-- THE RECORDS follows --

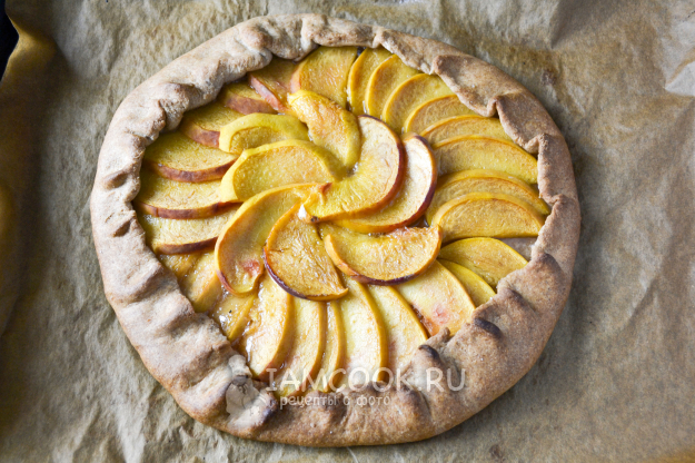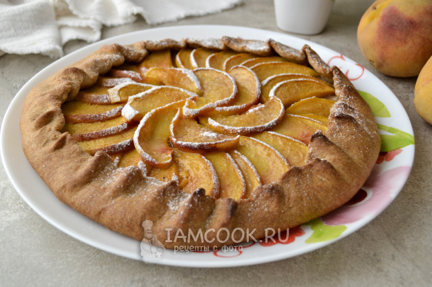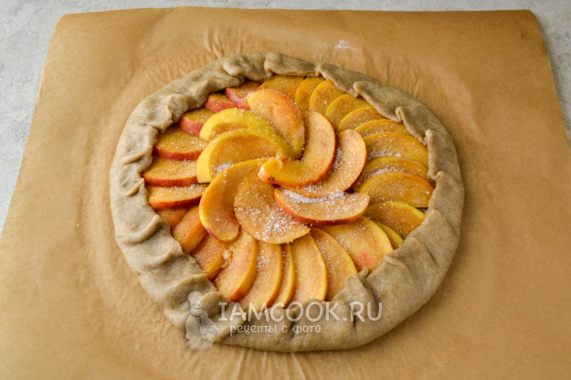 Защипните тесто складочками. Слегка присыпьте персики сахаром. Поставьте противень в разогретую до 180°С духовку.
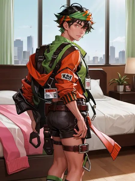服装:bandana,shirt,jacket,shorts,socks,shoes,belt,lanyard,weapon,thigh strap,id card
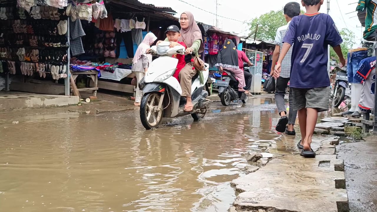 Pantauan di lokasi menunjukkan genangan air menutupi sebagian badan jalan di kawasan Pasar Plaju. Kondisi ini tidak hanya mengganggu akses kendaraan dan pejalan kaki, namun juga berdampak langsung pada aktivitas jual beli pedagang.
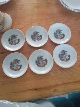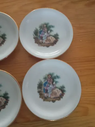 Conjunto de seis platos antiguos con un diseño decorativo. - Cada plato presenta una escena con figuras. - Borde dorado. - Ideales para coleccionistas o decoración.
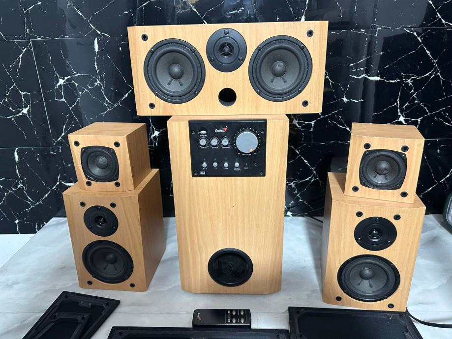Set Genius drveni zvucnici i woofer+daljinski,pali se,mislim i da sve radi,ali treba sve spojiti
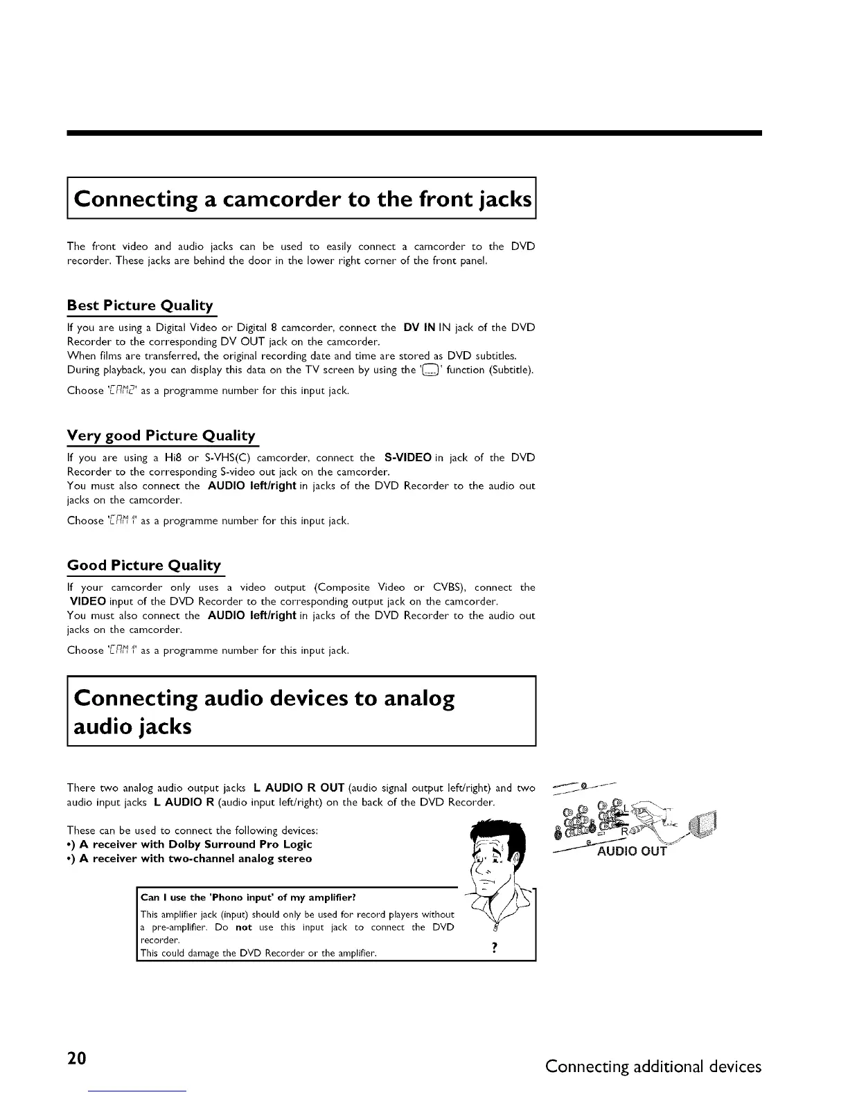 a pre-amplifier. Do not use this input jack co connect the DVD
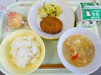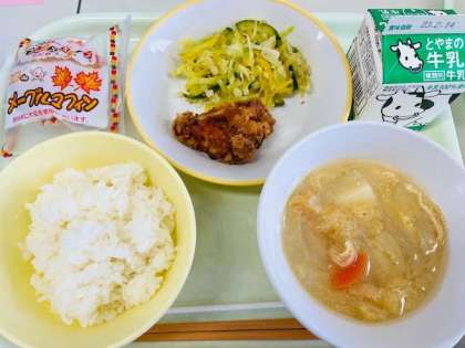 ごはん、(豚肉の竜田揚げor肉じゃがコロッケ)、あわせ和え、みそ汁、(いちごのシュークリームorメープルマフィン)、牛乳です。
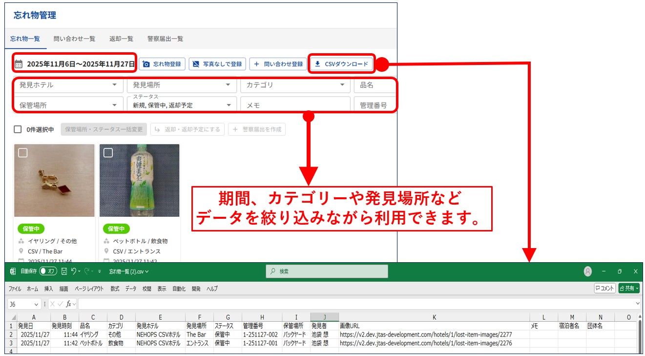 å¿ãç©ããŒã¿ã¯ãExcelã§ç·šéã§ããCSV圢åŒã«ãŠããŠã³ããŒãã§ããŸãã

-- THE RECORDS concluded --

*WORK INSTRUCTIONS*. Would you set down the material exactly as it stands, without the pictures?

*REPLY TO THE EXERCISE*.
 Защипните тесто складочками. Слегка присыпьте персики сахаром. Поставьте противень в разогретую до 180°С духовку.
服装:bandana,shirt,jacket,shorts,socks,shoes,belt,lanyard,weapon,thigh strap,id card
 Pantauan di lokasi menunjukkan genangan air menutupi sebagian badan jalan di kawasan Pasar Plaju. Kondisi ini tidak hanya mengganggu akses kendaraan dan pejalan kaki, namun juga berdampak langsung pada aktivitas jual beli pedagang.
 Conjunto de seis platos antiguos con un diseño decorativo. - Cada plato presenta una escena con figuras. - Borde dorado. - Ideales para coleccionistas o decoración.
Set Genius drveni zvucnici i woofer+daljinski,pali se,mislim i da sve radi,ali treba sve spojiti
 a pre-amplifier. Do not use this input jack co connect the DVD
 ごはん、(豚肉の竜田揚げor肉じゃがコロッケ)、あわせ和え、みそ汁、(いちごのシュークリームorメープルマフィン)、牛乳です。
 å¿ãç©ããŒã¿ã¯ãExcelã§ç·šéã§ããCSV圢åŒã«ãŠããŠã³ããŒãã§ããŸãã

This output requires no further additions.